Inside, a small team of horticulturists is working to install the famed hanging nasturtiums in the museum’s idyllic courtyard. They’re a serious bunch, and they should be—one wrong move would destroy nine months of hard work. They’ve been carefully tending to the nasturtiums in an off-site greenhouse in Hingham over the winter, and now, some vines measure up to 15 feet long.
The flowers are a vibrant (and fragrant) harbinger of springtime. The orange blooms are indeed a treat for the senses if you’re able to see them in time. While it takes months to grow the vines, the short-lived display only lasts for three weeks.

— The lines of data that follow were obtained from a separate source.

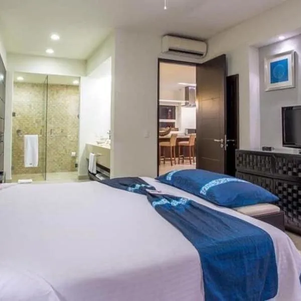 ヌエボ・バジャルタ・ノースビーチからほど近いElegante departamento en Nuevo Vallartaはブセリアスにある宿泊施設で、無料レンタル自転車、専用ビーチエリア、屋外プール、フィットネスセンターを提供しています。この宿泊施設では、テラス、卓球台、無料専用駐車場、無料WiFiを提供しています。...
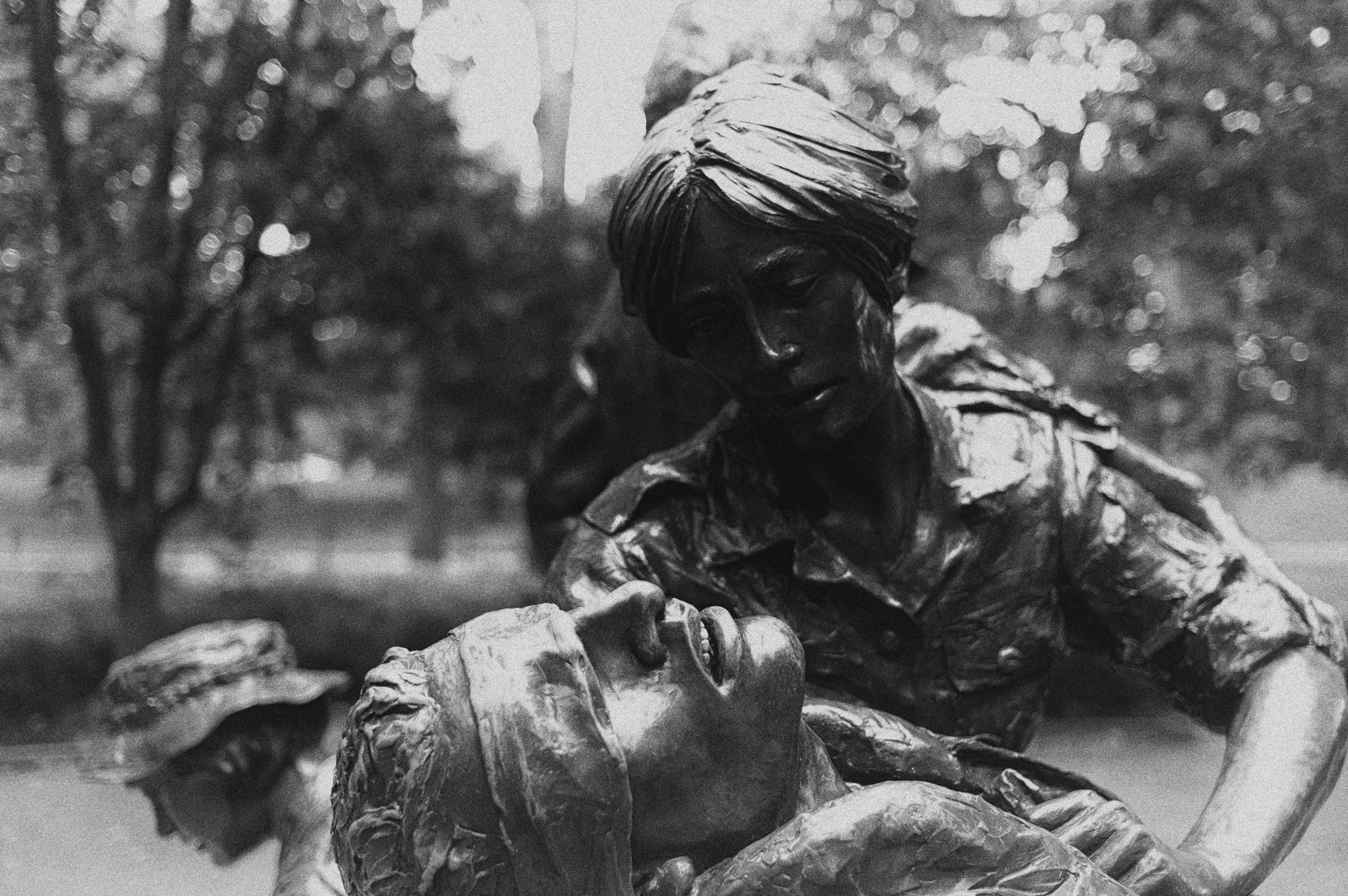 This poignant black-and-white photograph captures the intimate moment between two bronze sculptures depicting a soldier being cradled by a medic, conveying a profound sense of care and sacrifice. The soft, diffused lighting accentuates the expressions, highlighting the weight of their shared experience and the emotion etched into their forms. Surrounded by the blurred greenery of the park, the scene evokes a timeless reminder of compassion in times of crisis.
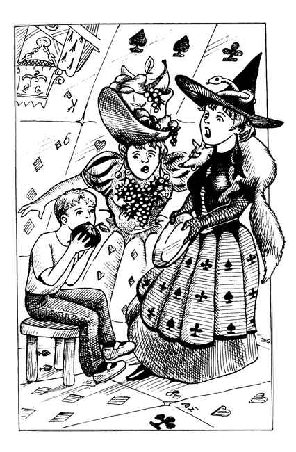 Фруктовая дама знаком пригласила его присесть. Митя не без опаски опустился на карточный табурет, но тот оказался, на удивление, прочным. Радушная хозяйка поставила перед Митей блюдце с голубой каёмочкой и, сорвав со шляпы большое спелое яблоко с красным бочком, положила его на блюдце.
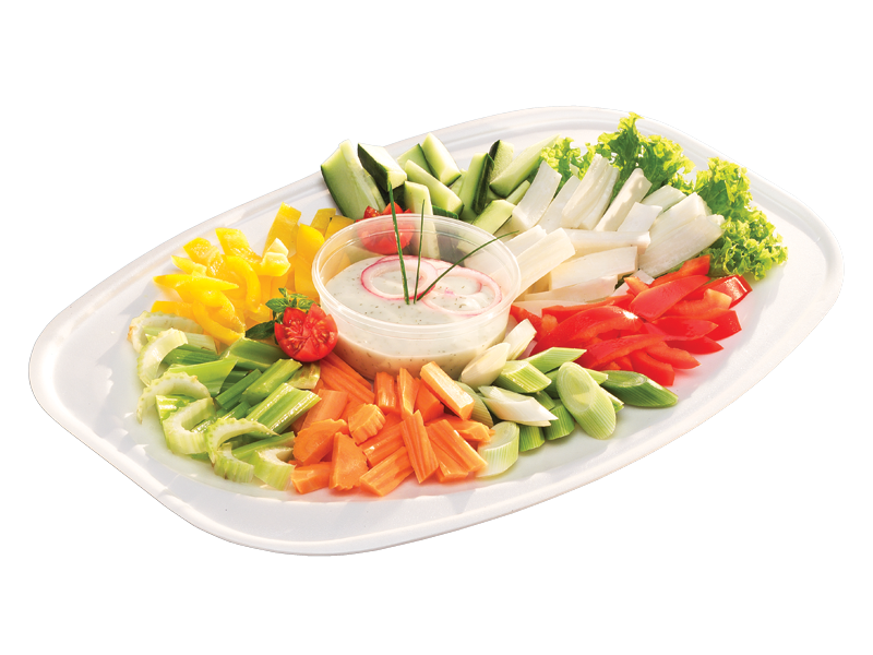 Összetevők: angol zeller, sárgarépa, póréhagyma, kaliforniai paprika, jégretek, uborka, kapros fokhagymás öntet

“We’re tricking them into thinking it’s June, when they flower,” says Grace Coburn, a horticulturist at the museum. As she raises a platform to hop inside a truck full of nasturtiums, she explains draping the flowers down the four walls of the courtyard is a delicate job.
“You lower (them) as much as you can before you just let go and hold your breath,” she says. While it’s typically only one person who hangs the vines, it takes four people to carry them upstairs, and another to coach the lowering.
The museum’s chief horticulturist, Stan Kozak, has worked on the nasturtium display for the past 48 years. The installation of the orange flowers is one of the most anticipated days of the year at the Gardner, but Kozak isn’t dwelling on today.
“I’m not going to be happy until two or three days from now when they’re all turned up toward the sunlight,” he says of the flowers, adding “They’ve gone through a lot of stress today.”
So has he.
Here’s how it works:
First, the vines are transported from the Gardner’s greenhouse in Hingham to the museum via truck.
Vines are removed from the truck one by one.
They’re very carefully moved inside…
…and placed on the floor slowly and steadily.
Next, horticulturists pinch off yellowing leaves and droopy blooms.
After all of the vines have made it inside, they’re brought upstairs to be draped over the balconies.
They’re carried through exhibits…
…and finally arrive at their destination: the window.
Then, they’re gingerly hoisted over the balcony.
Chief horticulturist Stan Kozak adjusts vines with guidance from a teammate across the courtyard.
He painstakingly lowers the vines inch by inch.
Pots of nasturtiums are placed on pedestals in the windows overlooking the courtyard.
After about 45 minutes, the first window of cascading blossoms is complete.
Kozak brushes off his hands. “One balcony done,” he says. Three more to go.